外刺和古惕得以复国,成为大雍的藩属邻邦,立下永不侵犯主国的血盟。
乾泰十七年春,离京十数年的大雍天子,凯旋归朝。
举国欢腾,再偏远的百姓都为天子平安回来,为大国真正崛起而喜悦。
大雍灭掉乌古的壮举,让大雍成为最强帝国,傲视所有邻邦。
无人再敢撩大雍之虎须,俯首为臣是所有邻国唯一选择。
当朝的丰功伟绩,将会传颂千古。
天子不但再一次守护了大雍,还开拓了海外疆域,为大雍带回来难以估量的财富。
天地之大,难以度量。
海洋之阔,难达边际。
这是大雍天子慕玄度出海多年后的感慨慨之语。
当年从桑国离开,一路向远海探索,大雍船队登陆了各种看得见的海岛,遇见一些奇奇怪怪都未开化的野人族群。
他们茹毛饮血,活得原始。
打猎的长矛,矛头是用尖石打磨,绑在树枝上做攻击武器,野人脑子愚钝手工落后。
且男男女女都衣不蔽体,袒胸露乳光屁股。
着实让礼教森严的大雍人见了都难以直视。
那些连大刀都没见过的土着,看到他们砍树如切瓜时,惊呆了。
被寒光闪闪的大刀反射太阳光芒照射闪眼时,更是吓得叽里呱啦的四散逃窜。
语言不通,又胆小如鼠。
大雍人出现的地方,所有土着都不太敢靠近。
害得航行许久,水和粮食都不太足的船队,不得不靠自己找补给。
就这么一路走一路探索,用了三年多时间,他们才到达一片巨大陆地。
在这片陆地上,他们经历了水土不服,疾病以及各种原始开荒。
等他们在野人土着族群的包围中成为主宰者站稳脚跟,已经过了四季。
这片大陆上生长的各种没见过却能吃的作物,都被收集了种子,并指挥当地土着劳作试种,查验亩产量。

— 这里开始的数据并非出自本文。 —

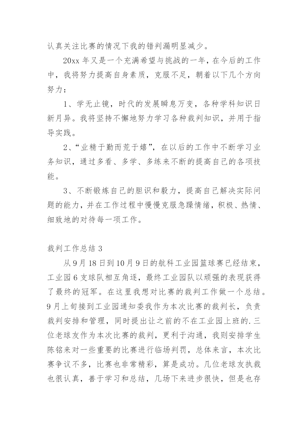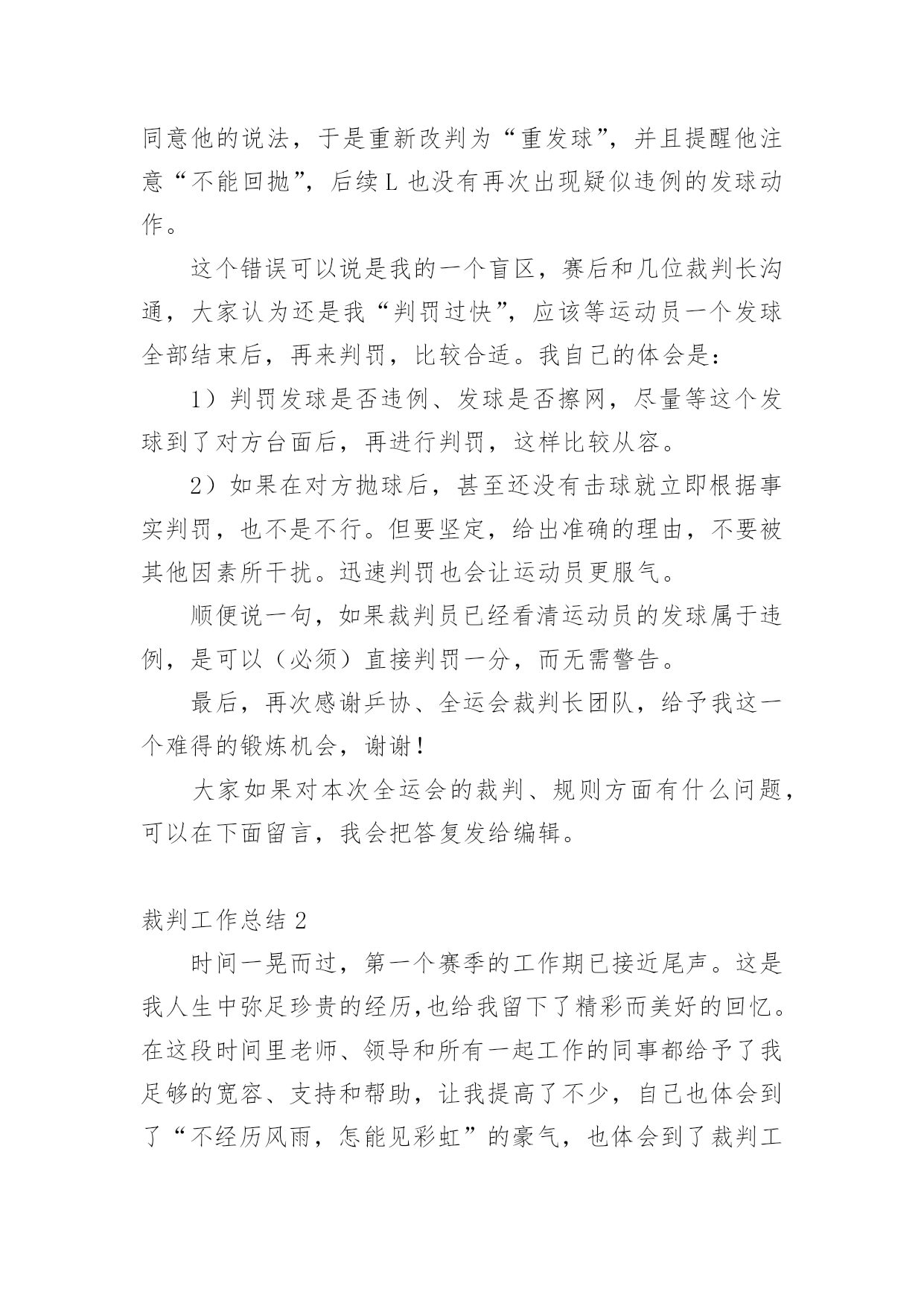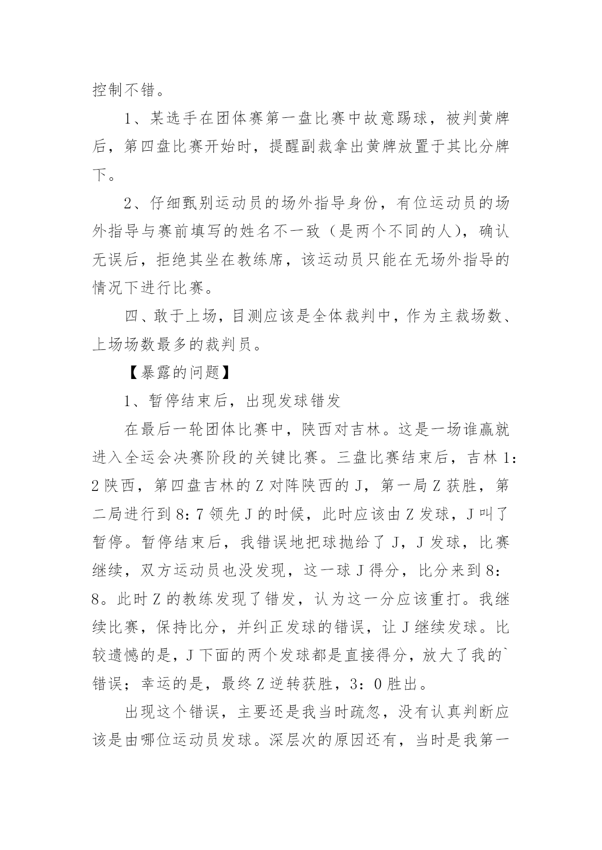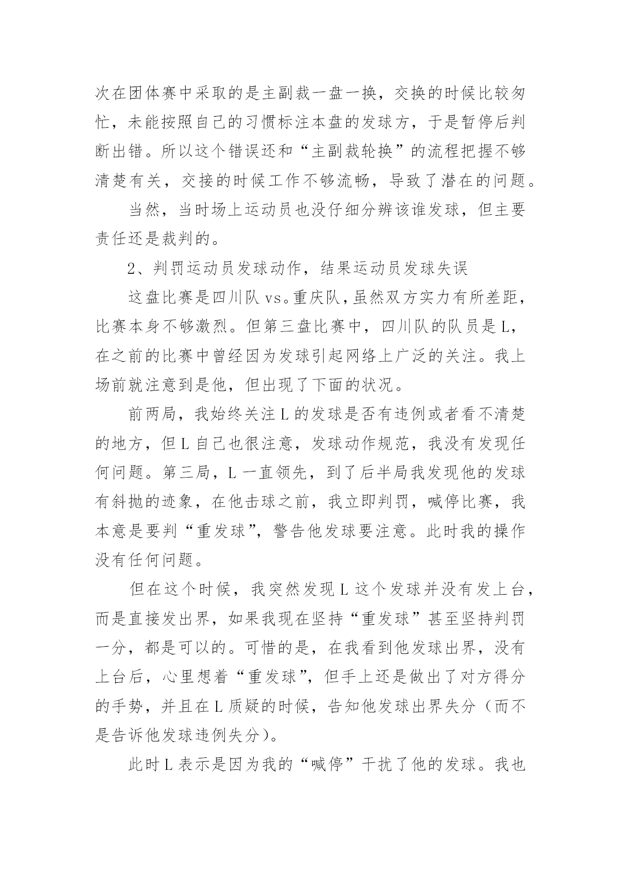 裁判工作总结裁判工作总结15篇总结是对某一特定时间段内的学习和工作生活等表现情况加以回顾和分析的一种书面材料,它可以提升我们发现问题的能力,因此,让我们写一份总结吧。但是总结有什么要求呢?下面是小编帮大家整理的裁判工作总结,欢迎大家借鉴与参考,希望对大家有所帮助。裁判工作总结1在10天的工作中,执法单项赛15+场,团体赛9场,出示黄牌2张,判罚运动员发球8次,业务性错误2次,操作性错误6次。整体上对自己的表现还算满意,但与其他高水平裁判相比还有一定差距。【做得不错的地方】一、在前八天的工作中,表现尚可,没有出现业务性错误。二、敢判运动员的发球违例1、多次对运动员的发球做出判罚,并用手势告诉运动员判罚的理由。2、即便是全场观众助威的东道主队,事关东道主队是否能够进入决赛的场次中,也能坚决判罚发球。三、对于平时较少出现的判罚场景,有心理准备,场上控制不错。1、某选手在团体赛第一盘比赛中故意踢球,被判黄牌后,第四盘比赛开始时,提醒副裁拿出黄牌放置于其比分牌下。2、仔细甄别运动员的场外指导身份,有位运动员的场外指导与赛前填写的姓名不一致(是两个不同的人),确认无误后,拒绝其坐在教练席,该运动员只能在无场外指导的情况下进行比赛。四、敢于上场,目测应该是全体裁判中,作为主裁场数、上场场数最多的裁判员。【暴露的问题】1、暂停结束后,出现发球错发在最后一轮团体比赛中,陕西对吉林。这是一场谁赢就进入全运会决赛阶段的关键比赛。三盘比赛结束后,吉林1:2陕西,第四盘吉林的Z对阵陕西的J,第一局Z获胜,第二局进行到8:7领先J的时候,此时应该由Z发球,J叫了暂停。暂停结束后,我错误地把球抛给了J,J发球,比赛继续,双方运动员也没发现,这一球J得分,比分来到8:8。此时Z的教练发现了错发,认为这一分应该重打。我继续比赛,保持比分,并纠正发球的错误,让J继续发球。比较遗憾的是,J下面的两个发球都是直接得分,放大了我的`错误;幸运的是,最终Z逆转获胜,3:0胜出。出现这个错误,主要还是我当时疏忽,没有认真判断应该是由哪位运动员发球。深层次的原因还有,当时是我第一次在团体赛中采取的是主副裁一盘一换,交换的时候比较匆忙,未能按照自己的习惯标注本盘的发球方,于是暂停后判断出错。所以这个错误还和“主副裁轮换”的流程把握不够清楚有关,交接的时候工作不够流畅,导致了潜在的问题。当然,当时场上运动员也没仔细分辨该谁发球,但主要责任还是裁判的。2、判罚运动员发球动作,结果运动员发球失误这盘比赛是四川队vs。重庆队,虽然双方实力有所差距,比赛本身不够激烈。但第三盘比赛中,四川队的队员是L,在之前的比赛中曾经因为发球引起网络上广泛的关注。我上场前就注意到是他,但出现了下面的状况。前两局,我始终关注L的发球是否有违例或者看不清楚的地方,但L自己也很注意,发球动作规范,我没有发现任何问题。第三局,L一直领先,到了后半局我发现他的发球有斜抛的迹象,在他击球之前,我立即判罚,喊停比赛,我本意是要判“重发球”,警告他发球要注意。此时我的操作没有任何问题。但在这个时候,我突然发现L这个发球并没有发上台,而是直接发出界,如果我现在坚持“重发球”甚至坚持判罚一分,都是可以的。可惜的是,在我看到他发球出界,没有上台后,心里想着“重发球”,但手上还是做出了对方得分的手势,并且在L质疑的时候,告知他发球出界失分(而不是告诉他发球违例失分)。此时L表示是因为我的“喊停”干扰了他的发球。我也同意他的说法,于是重新改判为“重发球”,并且提醒他注意“不能回抛”,后续L也没有再次出现疑似违例的发球动作。这个错误可以说是我的一个盲区,赛后和几位裁判长沟通,大家认为还是我“判罚过快”,应该等运动员一个发球全部结束后,再来判罚,比较合适。我自己的体会是:1)判罚发球是否违例、发球是否擦网,尽量等这个发球到了对方台面后,再进行判罚,这样比较从容。2)如果在对方抛球后,甚至还没有击球就立即根据事实判罚,也不是不行。但要坚定,给出准确的理由,不要被其他因素所干扰。迅速判罚也会让运动员更服气。顺便说一句,如果裁判员已经看清运动员的发球属于违例,是可以(必须)直接判罚一分,而无需警告。最后,再次感谢乒协、全运会裁判长团队,给予我这一个难得的锻炼机会,谢谢!大家如果对本次全运会的裁判、规则方面有什么问题,可以在下面留言,我会把答复发给编辑。裁判工作总结2时间一晃而过,第一个赛季的工作期已接近尾声。这是我人生中弥足珍贵的经历,也给我留下了精彩而美好的回忆。在这段时间里老师、领导和所有一起工作的同事都给予了我足够的宽容、支持和帮助,让我提高了不少,自己也体会到了“不经历风雨,怎能见彩虹”的豪气,也体会到了裁判工作人员的重要性。在这三个月的时间里,在领导和同事们的悉心关怀和指导下,通过自身的不懈努力,各方面均取得了一定的进步,

只擅长狩猎和采集的当地土着,打不过唯有臣服,沦为大雍朝的奴隶,习得了种植之技能。
颠簸几万里,并不满足于找到比参薯更高产的物种的天子,盯着这块他亲自命名为大北洲的陆地陷入沉思。
不走出大雍,他永远不知大雍之外还有如此肥沃的大平原。